La rue de Richelieu est également chargée de souvenirs personnels dans la vie de Berlioz. En septembre 1827 il s’est épris de l’actrice irlandaise Harriet Smithson après avoir assisté à des représentations de Hamlet et de Roméo et Juliette au Théâtre de l’Odéon; quand il s’installe à sa nouvelle adresse il ignore qu’à ce moment Harriet et sa mère habitent tout près. ‘Un hasard (auquel elle n’a jamais cru) m’avait fait venir me loger rue Richelieu, no 96, presque en face de l’appartement qu’elle occupait au coin [no. 1] de la rue Neuve-Saint-Marc’, écrit-il dans ses Mémoires (chapitre 24). De sa fenêtre au 4ème étage (étage du haut), Berlioz peut donc suivre quotidiennement les allées et venues de Harriet Smithson. La correspondance du compositeur révèle ses tourments alors qu’il tente vainement d’atteindre l’actrice au moyen d’intermédiaires et de faire impression sur elle (CG nos. 102, 111, 113, 114, 117). Finalement, le 3 mars 1829, elle quitte Paris pour Amsterdam, et Berlioz bouleversé peut assister à la scène; une lettre écrite la veille décrit ce qu’il voit ce soir-là (CG no. 117; cf. Mémoires ch. 24):
[…] Elle vient d’éteindre sa lumière, elle dormira tout à l’heure. […]

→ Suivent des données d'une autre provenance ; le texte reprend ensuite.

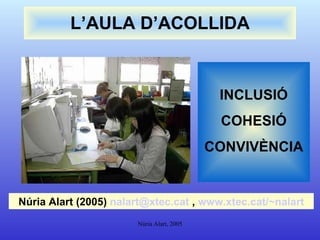 AULA D’ACOLLIDA Concepte: intermedi, obert, intensiu i flexible Funcionament: Nivells oberts . Atenció individualitzada. Interacció i cooperació. Treball per projectes interdisciplinars. Intel·ligències múltiples WebQuest Portfoli

Sa mère est encore occupée dans son appartement. J’entends le bruit des masques sous mes fenêtres; les cabriolets ébranlent en même temps mes fenêtres et les siennes. Demain elles ne seront plus les siennes.
Je sortirai de bonne heure: elle part à midi. […]
(Il existe une lettre autographe de la main de Harriet Smithson, écrite au No. 1 rue Neuve Saint-Marc et datée du vendredi 11 juillet 1828; à ce moment Berlioz était en loge à l’Institut pour le concours du Prix de Rome, où il obtint le second prix.)
Comme on le sait, l’histoire ne se terminera pas avec le départ de Harriet pour la Hollande, ni avec celui de Berlioz pour l’Italie à la fin de l’année suivante. Il revient finalement d’Italie à Paris le 7 novembre 1832, et une lettre écrite ce jour même à un ami confie mystérieusement: ‘J’arrive à l’instant. Je loge rue Neuve-St-Marc, no 1, dans l’ancien logement d’H. Sm… C’est curieux!…’ (CG no. 290, cf. 291 le lendemain). Un passage des Mémoires explique ce qui s’est passé (chapitre 44):
N’ayant pas trouvé libre l’appartement que j’occupais rue Richelieu avant mon départ pour Rome, une impulsion secrète me poussa à en aller chercher un en face, dans la maison qu’avait autrefois occupée miss Smithson (rue Neuve-Saint-Marc, no 1) ; et je m’y installai. Le lendemain, en rencontrant la vieille domestique qui remplissait depuis longtemps dans l’hôtel les fonctions de femme de charge : « Eh bien, lui dis-je, qu’est devenue miss Smithson ? Avez-vous de ses nouvelles ? — Comment, Monsieur, mais... elle est à Paris, elle logeait même ici il y a peu de jours ; elle n’est sortie qu’avant-hier de l’appartement que vous occupez maintenant, pour aller s’installer rue de Rivoli. Elle est directrice d’un théâtre anglais qui commence ses représentations la semaine prochaine. » Je demeurai muet et palpitant à la nouvelle de cet incroyable hasard et de ce concours de circonstances fatales. Je vis bien alors qu’il n’y avait plus pour moi de lutte possible. Depuis plus de deux ans, j’étais sans nouvelles de la fair Ophelia ; je ne savais si elle était en Angleterre, ou en Écosse, ou en Amérique ; et j’arrivais d’Italie au moment même où, de retour de ses voyages dans le Nord de l’Europe, elle reparaissait à Paris. Et nous avions failli nous rencontrer dans la même maison, et j’occupais un appartement qu’elle avait quitté la veille...
Le même chapitre raconte en détail la suite – Harriet Smithson assiste au concert qu’il donne au Conservatoire le 9 décembre 1832, et le lendemain elle est présentée à Berlioz. Leur mariage a lieu quelques mois plus tard le 3 octobre 1833 à l’ambassade britannique. Après une courte lune de miel à Vincennes (CG nos. 347-9, 351) les nouveaux-mariés s’installent d’abord rue Neuve-St-Marc, puis déménagent à Montmartre en avril 1834; ils semblent cependant avoir continué à utiliser l’adresse rue Neuve-St-Marc jusqu’à juin 1834 au moins (cf. CG nos. 391, 400).